The beneficial effects of the invention are as follows:
the invention adopts a flexible and easily understood hierarchical communication topological structure, can divide the hierarchical structure among the agents to distinguish the states of different groups among the agents and the influence of different groups on the agents, uses the graph convolution based on the attention mechanism to carry out information aggregation, and helps the agents expand the receptive field through graph convolution communication, thereby improving the strategy quality. And meanwhile, the neural network replayed by experience is used for reducing the interaction times with the environment, and the training data with high efficiency and diversity are fully utilized. By establishing a reasonable and efficient hierarchical communication structure between the intelligent agents, centralized data acquisition, aggregation and utilization are broken, and the problem of dimension disasters of centralized training is relieved. Communication efficiency and performance of the multi-agent system in cooperation, coordination or cooperative activities in the global scope are improved, and influences of individuals and group agents are balanced better.
Drawings
FIG. 1 is a diagram of the overall framework of the hierarchical multi-agent cooperative communication mechanism of the present invention.
FIG. 2 is a diagram of a multi-head attention mechanism according to the present invention.
Detailed Description
The invention will be further described with reference to the drawings and examples.
The invention provides a multi-agent cooperation method based on a layering communication mechanism. The following principle is utilized: the hierarchical structure is a more complex communication structure which is evolved in the topological structure, the hierarchy of the nodes and the sequence of the communication structure can be divided, and the communication mode and strategy which are closer to reality can be learned. In order to solve the problem of high-efficiency communication in a multi-agent deep reinforcement learning scene, a hierarchical multi-agent cooperative communication model (Hierarchical Multi-Agent Collaborative Communication Mechanism, HMACC) is provided. Firstly, the hierarchical structure is divided among the agents to distinguish states of different groups among the agents, influence of the different groups on the agents is distinguished, then information in the groups and among the groups is distinguished, the agents are helped to expand receptive fields, and policy quality is improved. The invention decomposes the communication process into a local interaction process and a global interaction process, models and learns through proper strategies, and improves the communication efficiency and performance when the multi-agent system performs cooperation, coordination or cooperation activities in a global scope.

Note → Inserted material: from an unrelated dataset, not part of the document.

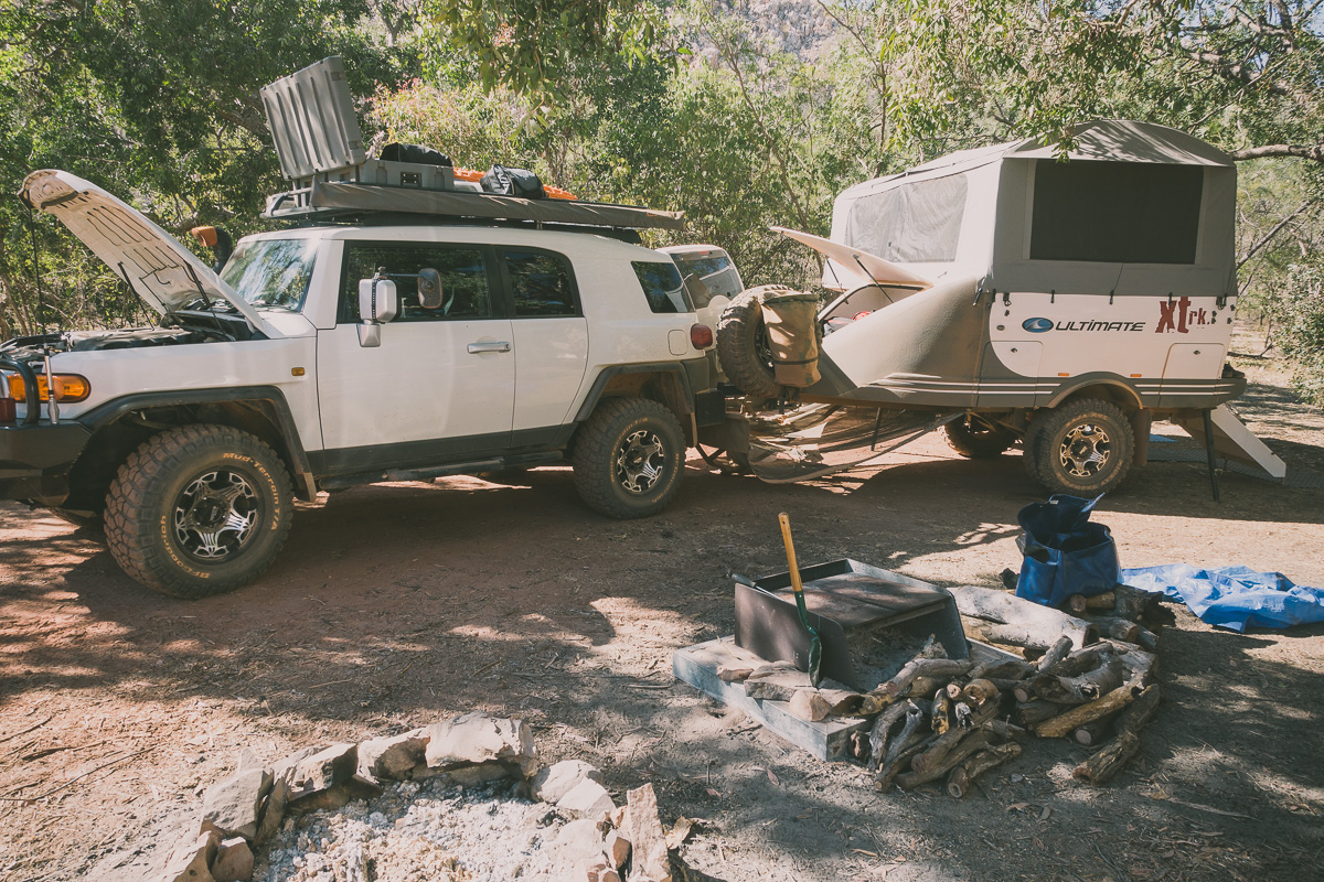 Dag vijf. Limmen National Park. Stella besloot dat ze genoeg had van mijn muziekkeuze en blies een band. De kofferbak zat muurvast door het stof. Geen telefoonsignaal. Geen mens te bekennen. Zes, zeven uur lang zat ik daar, in het niemandsland tussen Cairns en Darwin, terwijl de zon onbarmhartig deed wat de zon doet in de Outback.

A multi-agent cooperation method based on a layering communication mechanism comprises the following steps:
step 1: establishing an intra-group communication topological structure;
dividing agents into different groups according to communication distanceFor a communication group in which the ith agent formed at time t is located,/for the communication group>A communication group in which the jth intelligent agent formed at the time t is located; />The communication range cluster dividing module is used for enabling the intelligent agents in the communication range of the intelligent agents to communicate with each other; v i I-th agent, v j The communication distance rc is the j-th intelligent agent;
obtaining an intra-group adjacency matrix of the communication topological graph, wherein C= (e) ij ) n×n A representation; e, e ij Indicating the side relationship between the intelligent agents, wherein the mutual communication is 1, and the non-communication is 0; n represents the number of agents;
step 2: establishing an inter-group communication topological structure;
searching for high-grade intelligent agents in the group by using a degree centrality method based on the number of neighbor nodes, wherein the high-grade intelligent agents can communicate with other high-grade intelligent agents in the group, and exchange information between groups;
high-level intelligent agentA representation;
for centrality-measuring methodsA representation;
wherein Dgree is max To obtain the maximum centrality node in the group, dgre is the centrality of the calculation node, edge i Representing the number of existing edges connected to a node, all i Representing node v i The number of edges connected to other nodes;
step 3: intra-group information aggregation and inter-group information exchange;
constructing a hierarchical graph convolutional neural network by using a multi-head attention mechanism, and calculating interaction among intelligent agents by using multi-head dot product attention as convolution kernel; taking each agent as an entity, and in the agent v i A set of intelligence in local area in communication therewithEnergy set N i For the mth attention header, agent v i and vj ∈N i The relationship between them is calculated as:
where beta is a scale factor and where beta is a scale factor,represents h i Is a query weight matrix of h i Representing agent v i Feature vector of>Represents h j Key weight matrix of h j Representing agent v j Feature vector, h e Representing agent v e Is represented in agent v i Set of agents N in local area in communication therewith i The e-th agent in (a);
for each attention header, the value representations of all input features are weighted and added by a relationship; then, agent v i The outputs of the M total attention heads are concatenated and then fed into a single layer MLP with ReLU nonlinearity, resulting in the output of the convolutional layer:
wherein ,represents h j M represents the number of attention heads, σ represents the MLP perceptron with the ReLU activation function;
step 4: action decision-making;
cascading features obtained from each layer of the graph convolution neural network byRepresentation, wherein I l Representing a graph convolutionEach layer of the neural network, < >>Representing agent v in each tier of network i Is characterized by (2);
the loss function isy i =r i +γmaxQ(O′ i ,a′ i The method comprises the steps of carrying out a first treatment on the surface of the θ'); wherein gamma is a discount factor, and the discount factor has smaller influence on the state return value of the closer time, so that the influence on the decision result is larger, and the learning process is more stable; />Representing a historical empirically extracted sample batch, N represents a total of N accepted fields, O i A set of observations representing all agents in the ith receiving domain, a i Representing actions of the agent in the ith receiving domain; the model is parameterized by theta, and theta is the hierarchical multi-agent cooperative communication model provided by the invention;
based on the Q-learning algorithm, the target network θ ' is updated by θ ' =βθ+ (1- β) θ ', and β acts as a super parameter to regulate the influence of the network and the target network.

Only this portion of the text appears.